**Input records:**
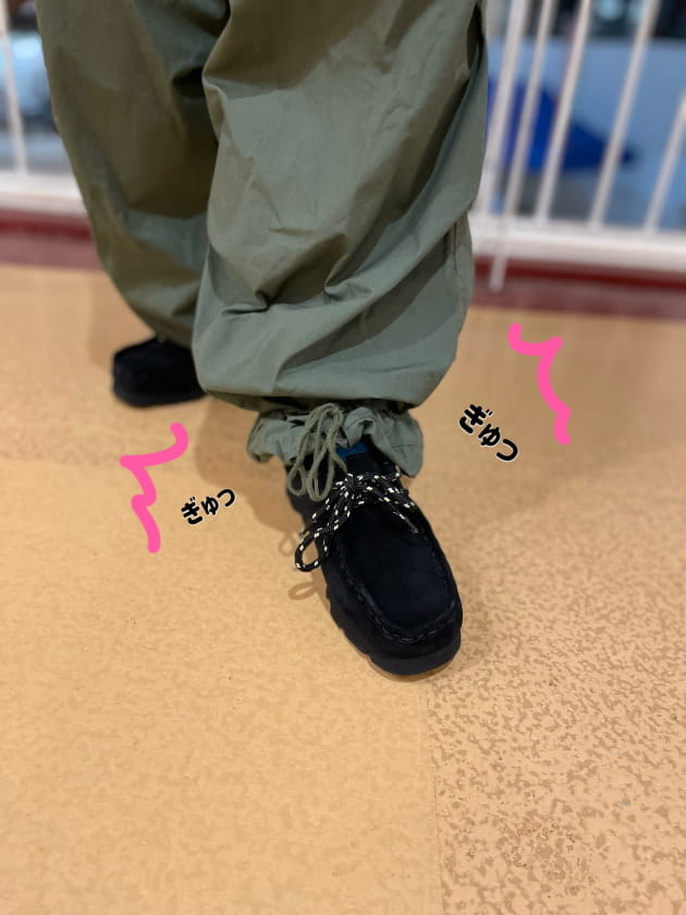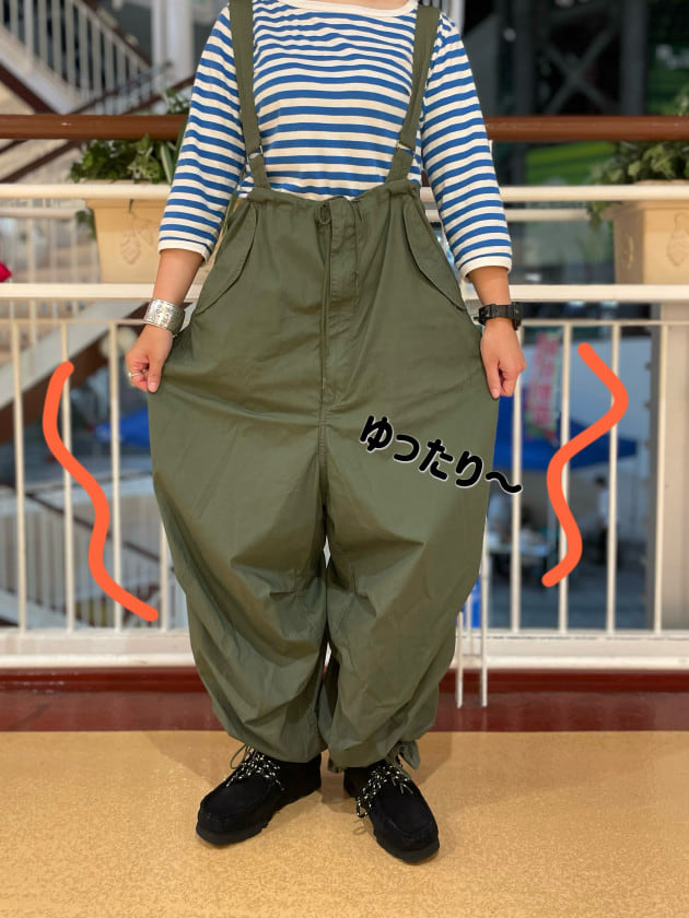 裾のドローコードを絞って折り曲げると小柄な方にも余裕で着ていただけますよ♡
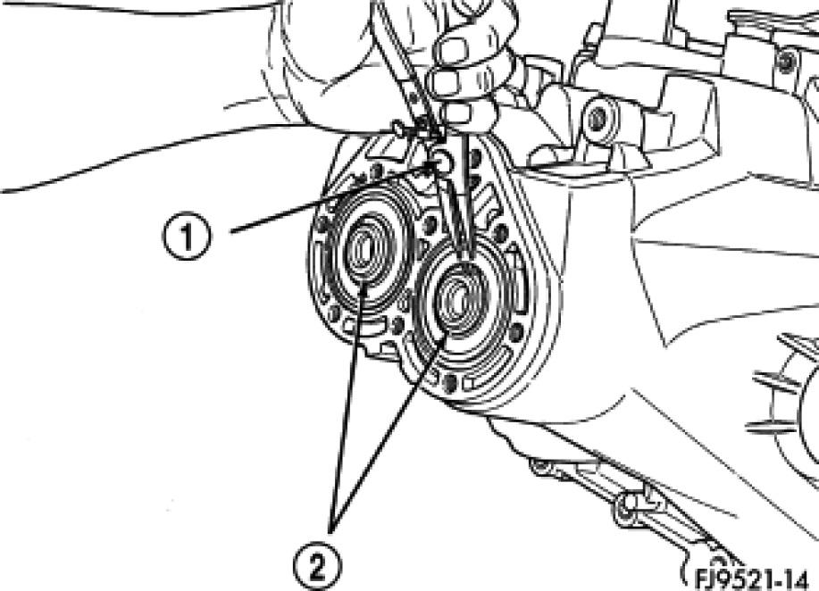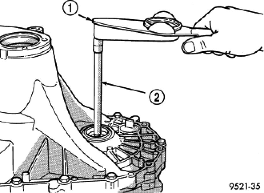 8. Remove case bolts. Remove clutch bellhousing differential bearing cup. Install shim(s) selected in.Then press the bearing cup into clutch bellhousing.
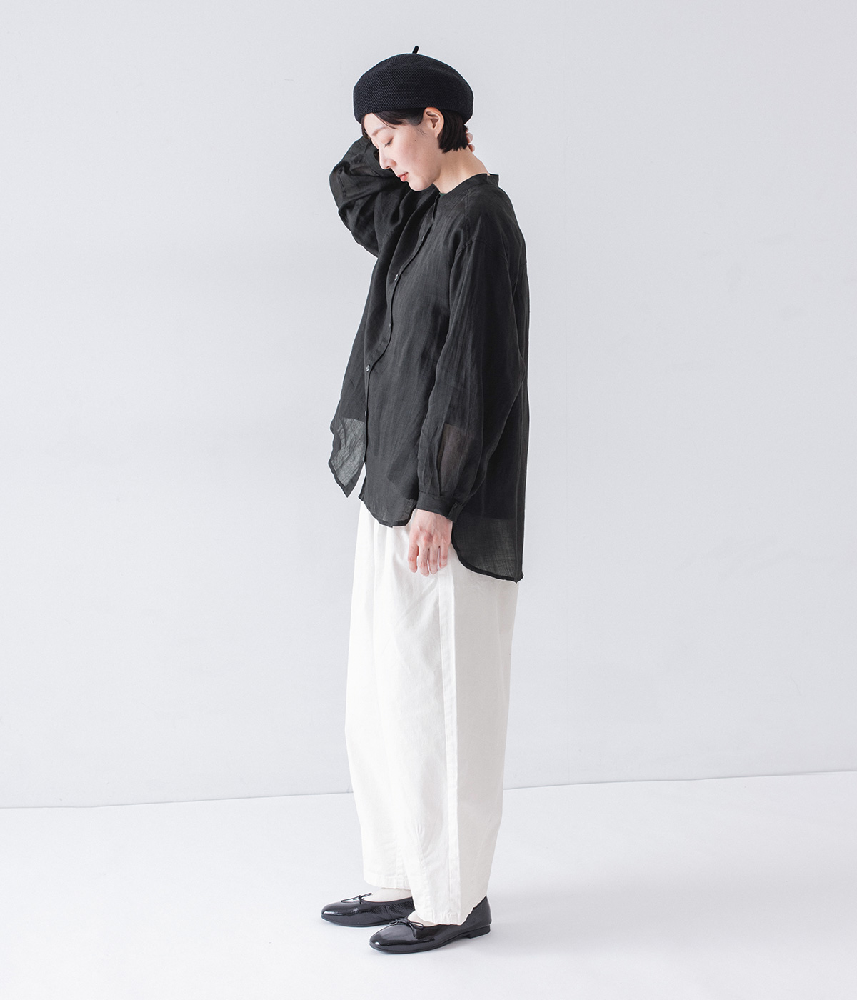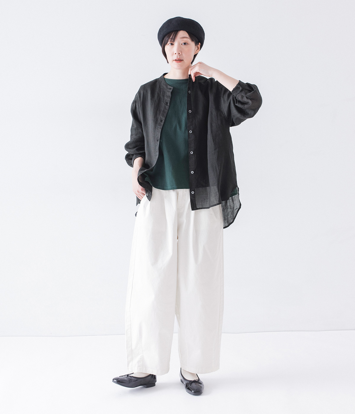 シアーリネンバンドカラーブラウスの着用コーディネート
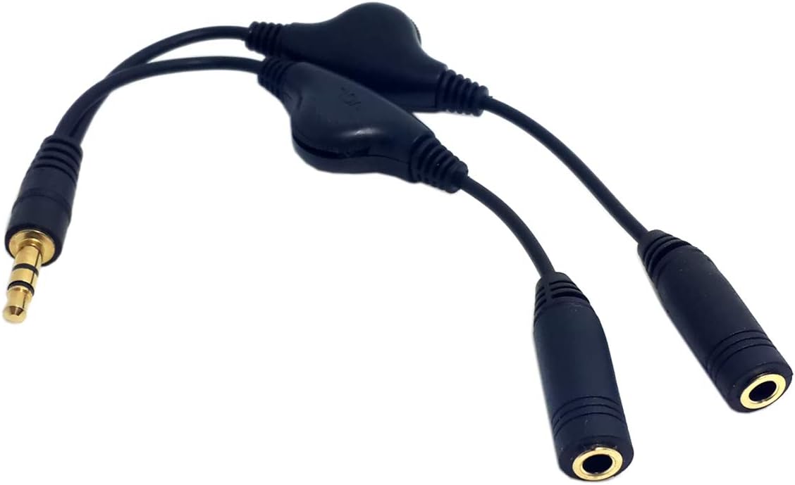 CY 3.5mm Stereo Male to Double 3.5mm Female Audio Headphone Y Splitter Cable with Volume Control Switch
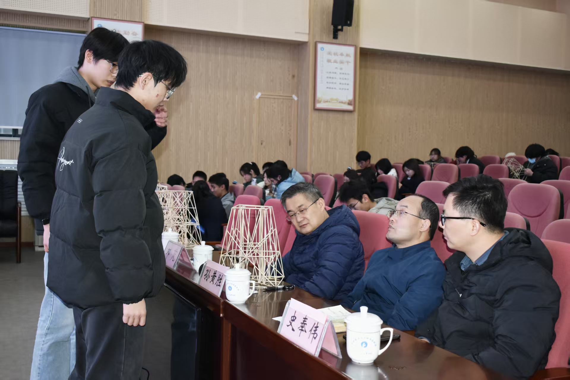2025年12月30日,第十六届创意模型大赛在我校J9-144报告厅顺利举办。本次大赛以“搭建理论知识与工程实践深度融合的创新平台”为宗旨,旨在激发土建学子的创新思维与动手能力,推动学科知识与实际应用的有机结合。建筑工程系邓芃、孙黄胜、史奉伟三位老师担任评委。
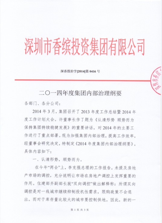 香繽集團(tuán)2014年治理綱要
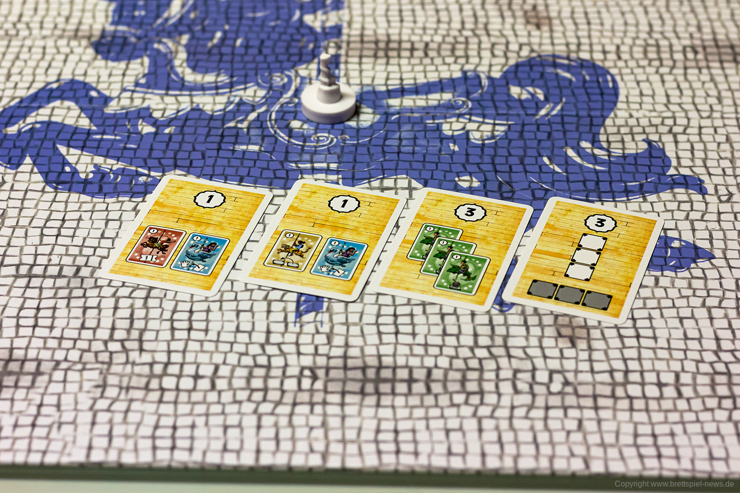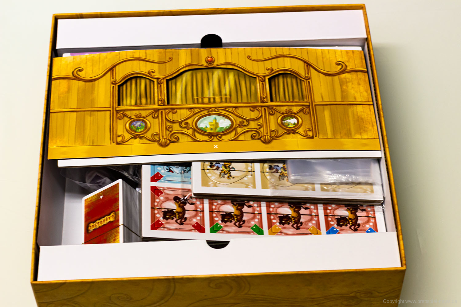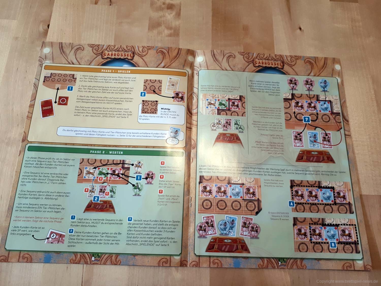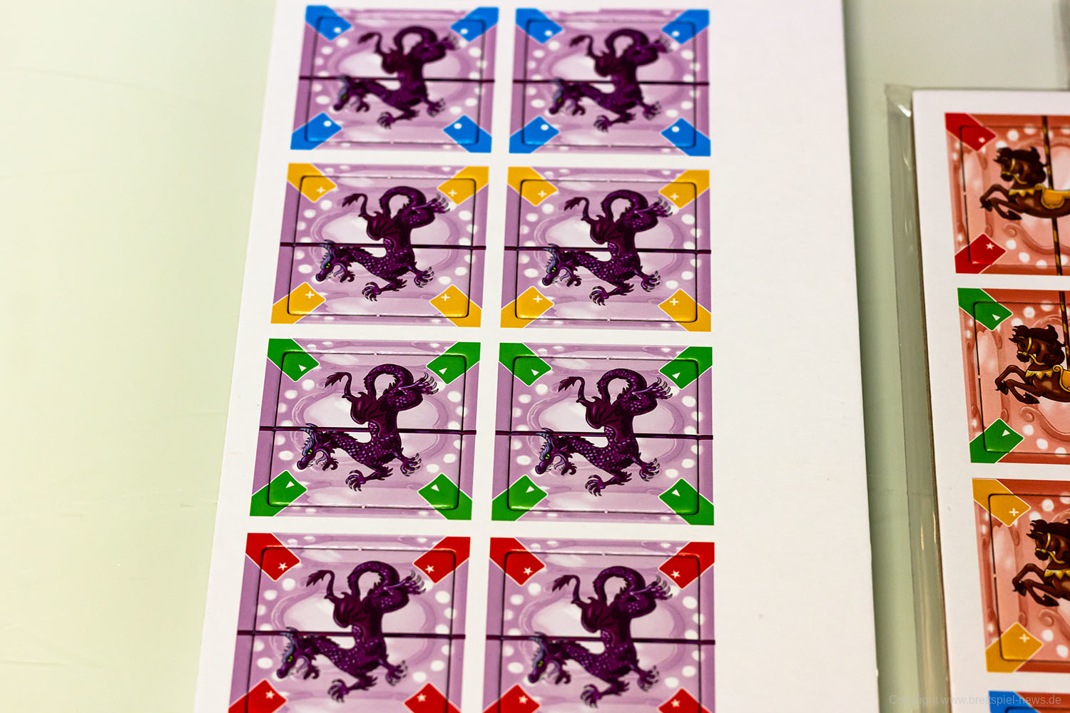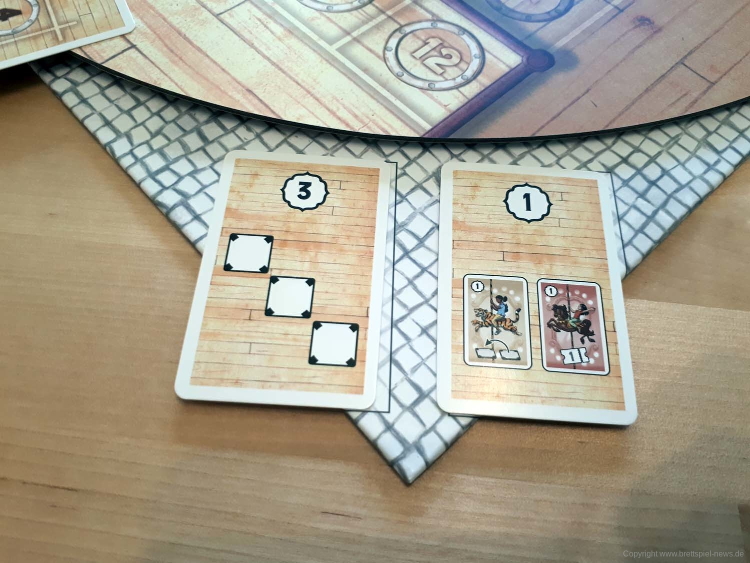 Das Spiel punktet außerdem mit seiner wunderschönen Aufmachung und dem wertigen Spielmaterial. Leider wurde bei CARROSSEL aber ausgerechnet an den zahllosen Standfüßen für die Kunden-Aufsteller gespart. Diese schließen nicht eng genug ab, was den Spielaufbau jedes Mal gravierend verlangsamt und dazu führt, dass die Pappen mit der Zeit kaputt gehen.
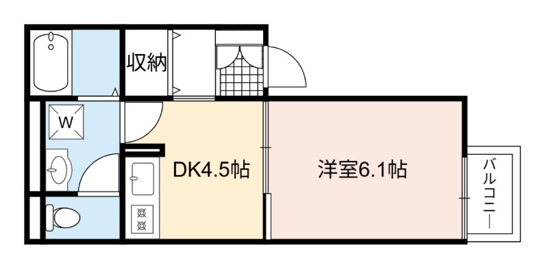 | 間取り詳細 | DK 4.5畳 、 洋室 6.1畳 |

**Requirement:** Skip the pictures and write out exactly the lines from the line containing "香繽集團(tuán)2014年治理綱要" through the end of the listing above.

**Task output:**
 香繽集團(tuán)2014年治理綱要
 Das Spiel punktet außerdem mit seiner wunderschönen Aufmachung und dem wertigen Spielmaterial. Leider wurde bei CARROSSEL aber ausgerechnet an den zahllosen Standfüßen für die Kunden-Aufsteller gespart. Diese schließen nicht eng genug ab, was den Spielaufbau jedes Mal gravierend verlangsamt und dazu führt, dass die Pappen mit der Zeit kaputt gehen.
 | 間取り詳細 | DK 4.5畳 、 洋室 6.1畳 |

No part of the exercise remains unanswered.